■ **What to produce**
Leave out the pictures and restate the rest of the data exactly.

■ **Dataset extract**
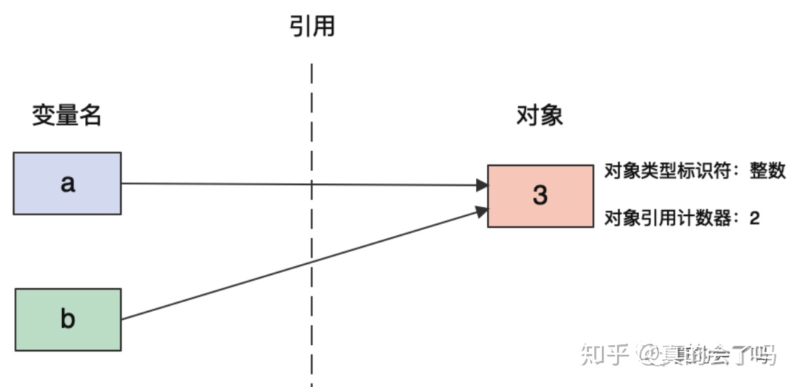 可能聰明的讀者已經(jīng)心里默默計(jì)算出對(duì)于對(duì)象3的引用計(jì)數(shù)器的值為2,分別為變量a和變量b對(duì)對(duì)象3的引用。是的,引用計(jì)數(shù)器的定義就是這么明了,用于表征用于指向同一個(gè)對(duì)象的引用的個(gè)數(shù)。通過變量間的賦值操作,自動(dòng)的計(jì)算對(duì)象的引用計(jì)數(shù)。
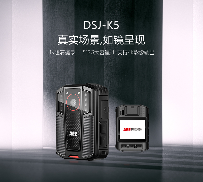 AEE DSJ-K5執法記錄儀采用新一代高性能主控芯片,最4k全高清視頻分辨率,擁有動態2160P/30幀攝像,拍照可達4800萬像素,支持紅外夜視功能;3000mAh內置鋰電池,拍攝時長可達12小時;IP68防護等級和6米防跌落設計,歷史軌跡查詢
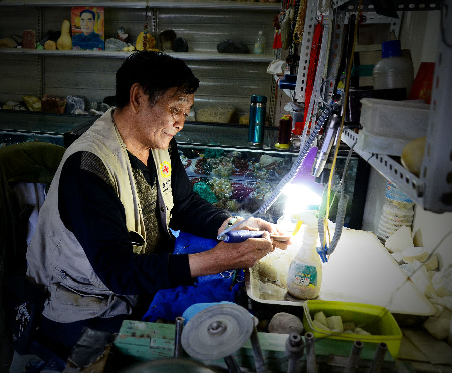 然而,丁广高发现玉雕销售渐渐火爆,爱学习的他又报名参加了县残联举办的玉雕技术培训班。记者在他的店里看到一件件精美的玉器成品,不禁赞叹道:“真是心灵手巧!”丁广高坐在磨石机前,将一颗颗形状各异的“顽石”打磨出光泽。他告诉记者,每一件玉雕作品,都需要石匠在制作过程中根据不同玉料的天然色泽和自然形状,经过精心设计、反复琢磨,雕刻成精美的艺术品。这需要经过长时间的练习,才能掌握。现在,丁广高仍不满意自己的雕刻技术,还在努力地练习刀法。

■ **Written solution**
 可能聰明的讀者已經(jīng)心里默默計(jì)算出對(duì)于對(duì)象3的引用計(jì)數(shù)器的值為2,分別為變量a和變量b對(duì)對(duì)象3的引用。是的,引用計(jì)數(shù)器的定義就是這么明了,用于表征用于指向同一個(gè)對(duì)象的引用的個(gè)數(shù)。通過變量間的賦值操作,自動(dòng)的計(jì)算對(duì)象的引用計(jì)數(shù)。
 AEE DSJ-K5執法記錄儀采用新一代高性能主控芯片,最4k全高清視頻分辨率,擁有動態2160P/30幀攝像,拍照可達4800萬像素,支持紅外夜視功能;3000mAh內置鋰電池,拍攝時長可達12小時;IP68防護等級和6米防跌落設計,歷史軌跡查詢
 然而,丁广高发现玉雕销售渐渐火爆,爱学习的他又报名参加了县残联举办的玉雕技术培训班。记者在他的店里看到一件件精美的玉器成品,不禁赞叹道:“真是心灵手巧!”丁广高坐在磨石机前,将一颗颗形状各异的“顽石”打磨出光泽。他告诉记者,每一件玉雕作品,都需要石匠在制作过程中根据不同玉料的天然色泽和自然形状,经过精心设计、反复琢磨,雕刻成精美的艺术品。这需要经过长时间的练习,才能掌握。现在,丁广高仍不满意自己的雕刻技术,还在努力地练习刀法。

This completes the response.